Tinted by Nature: The Botanicals Brightening Your Glass

From blue gin to yellow chartreuse, this is your guide to the natural colours that make your spirits bright.

Liquor shelves are brimming with brightly coloured bevies, but not all food dyes are alike. While most major distilleries use artificial colouring for its intensity and stability, many smaller distilleries are opting for a natural approach, using flora and fauna to add colour and flavour to their spirits.

Furthermore, most botanicals have a long history with humanity, which goes beyond colour and taste. Many hold medicinal and spiritual meaning for present and past cultures. Although these plants are safe to consume, it is important to do your homework before using them at home. After all, plants are powerful!

Yellow Botanicals

Saffron
Crocus sativus

Saffron is considered the world's most expensive spice, not because it's hard to grow, but because its red-orange threads, or"stigmas," are super high-maintenance. They demand to be harvested only by hand, a few weeks after the flowers bloom, and only in mid-morning, when the flowers are fully open to the sun.

When distilled, saffron gives off a beautiful yellow hue and a unique, earthy, floral, and sweet flavour. Saffron has been used for millennia for various treatments and was considered a panacea—a remedy for all ailments—by Pliny the Elder in Roman times. Even today, it is being studied for everything from serving as a potent anti-inflammatory to improving memory in those with neurodegenerative disorders. For those who imbibe, saffron is a key ingredient in many up-and-coming gins as well as longstanding herbal liqueurs like Liquore Strega and Yellow Chartreuse.

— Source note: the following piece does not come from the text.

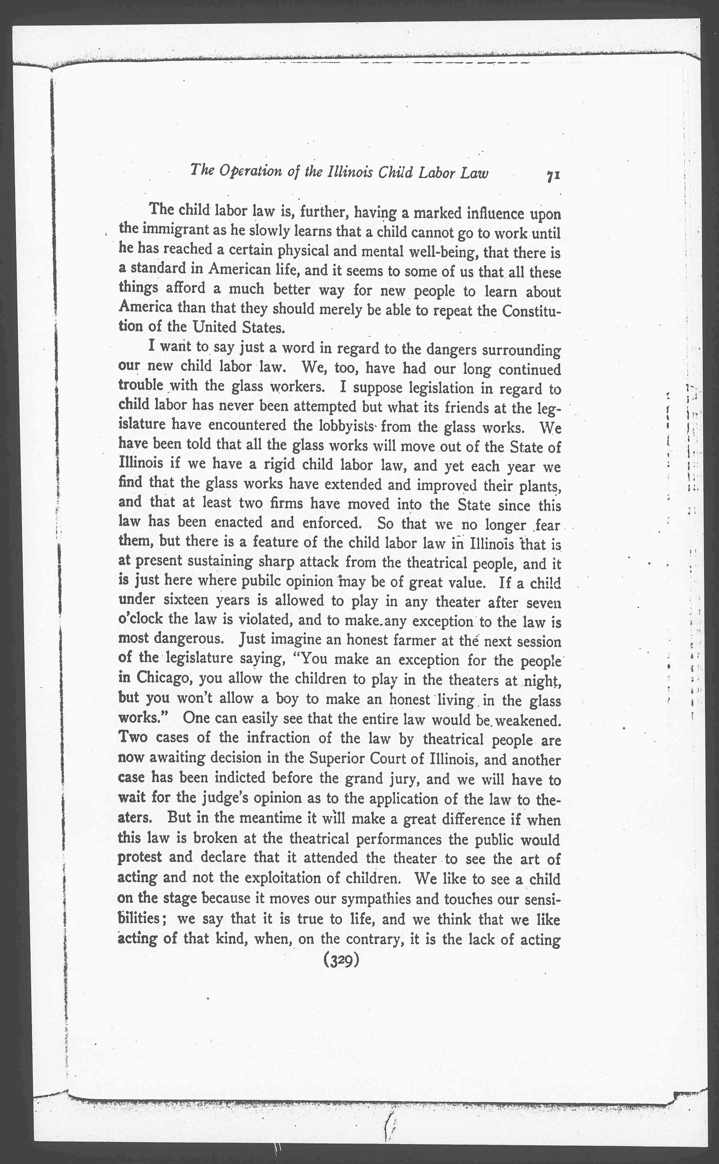 I want to say just a word in regard to the dangers surrounding our new child labor law. We, too, have had our long continued trouble with the glass workers. I suppose legislation in regard to child labor has never been attempted but what its friends at the legislature have encountered the lobbyists from the glass works. We have been told that all the glass works will move out of the State of Illinois if we have a rigid child labor law, and yet each year we find that the glass works have extended and improved their plants, and that at least two firms have moved into the State since this law has been enacted and enforced. So that we no longer fear them, but there is a feature of the child labor law in Illinois that is at present sustaining sharp attack from the theatrical people, and it is just here where public opinion may be of great value. If a child under sixteen years is allowed to play in any theater after seven o'clock the law is violated, and to make any exception to the law is most dangerous. Just imagine an honest farmer at the next session of the legislature saying, "You make an exception for the people in Chicago, you allow the children to play in the theaters at night, but you won't allow a boy to make an honest living in the glass works." One can easily see that the entire law would be weakened. Two cases of the infraction of the law by theatrical people are now awaiting decision in the Superior Court of Illinois, and another case has been indicted before the grand jury, and we will have to wait for the judge's opinion as to the application of the law to theaters. But in the meantime it will make a great difference if when this law is broken at the theatrical performances the public would protest and declare that it attended the theater to see the art of acting and not the exploitation of children. We like to see a child on the stage because it moves our sympathies and touches out sensibilities; we say that it is true to life, and we think that we like acting of that kind, when, on the contrary, it is the lack of acting [page 4] which we like, the touch of reality which the child brings to the stage. But it is hardly legitimate to keep children on the stage so that they may appeal to out sensibilities any more than it would be fair to keep the same little children begging on the street because in that way they arouse adult generosity, or as the old-fashioned circus-goer liked to see the lady put her head into the lion's mouth and gasped, waiting for something dreadful to happen. But if we really believe that acting is an art requiring preparation and a careful training, if we respect the stage sufficiently to demand artistic ability and not mere emotionalism, then we will refuse to have our sensibilities appealed to by little children on the stage. And here we see the need for national legislation in regard to children. Eighty-five per cent. of the children on the stage -- the theatrical people say ninety-two per cent. of the children on the stage -- in America are supplied in New York. The New York Law permits these children to go on the stage after they have been examined by a certain children's society there. This is in accordance with the New York law, but when they reach Chicago we have to deal with them according to the Illinois law. I wish very much that we all may try to arouse some sentiment against this exploitation of children on the stage. Here is where the consumer is touched very directly. When we buy a glass bottle which we think may have been made by a child we are not quite certain about it, and it is at best remote. But going to a theater and looking at a little child and encouraging that sort of thing because it arouses a sickly sort of sentiment, is certainly to induce the managers to continue it. It would be very easy to say to the managers of the theater, "We came here to see the legitimate drama." Mr. Daly and other clever managers insist that there is no play requiring children which cannot be better done by grown people taking the children's parts. One cannot imagine Henry Irving putting children upon the stage; it would have hurt his artistic ideas of what a play ought to be. Let us see if we cannot put aside this emotionalism and stand by the child labor law from the side of art as well as of humanity. It is easy to discuss the wrongs in the South and to agitate for laws affecting manufacturers, but here in Chicago where in relation to the theaters the law touches us directly we are in sympathy with the law, and here is an opportunity to aid in its enforcement, and I hope that we will all endeavor to do our share.

Clockwise from top left: saffron, annatto, cloudberry, turmeric

Annatto
Bixa orellana

Annatto is a widely used natural colour derived from the seeds of the achiote tree, ranging from yellow to deep orange. Native to Central and South America, it has long been used in Indigenous cultures as body paint, sunscreen, and dye, as well as in ritual practices. The ingredient now appears in spirits such as Melaza Annatto Liqueur, where it lends both colour and an earthy character.

Turmeric
Curcuma longa

Turmeric has been used as a food and dye in India for millennia. Its colour is so potent it stains everything it touches (including your fingers). Its earthy root flavour and well-documented anti-inflammatory properties have driven its popularity among the health-conscious consumers, and it’s showing up in more bottled drinks like Tayton Bay’s Turmeric Tea Infused Vodka Cocktail.

Cloudberry
Rubus chamaemorus

Native to Arctic and subarctic regions, cloudberries ripen from pale red to a glowing amber-orange and have long been harvested across Northern Canada and Scandinavia. The fruit’s vivid colour may also help explain the bright yellow hue of Ungava Gin, which is made with Arctic botanicals including cloudberries, rosehips, and crowberries.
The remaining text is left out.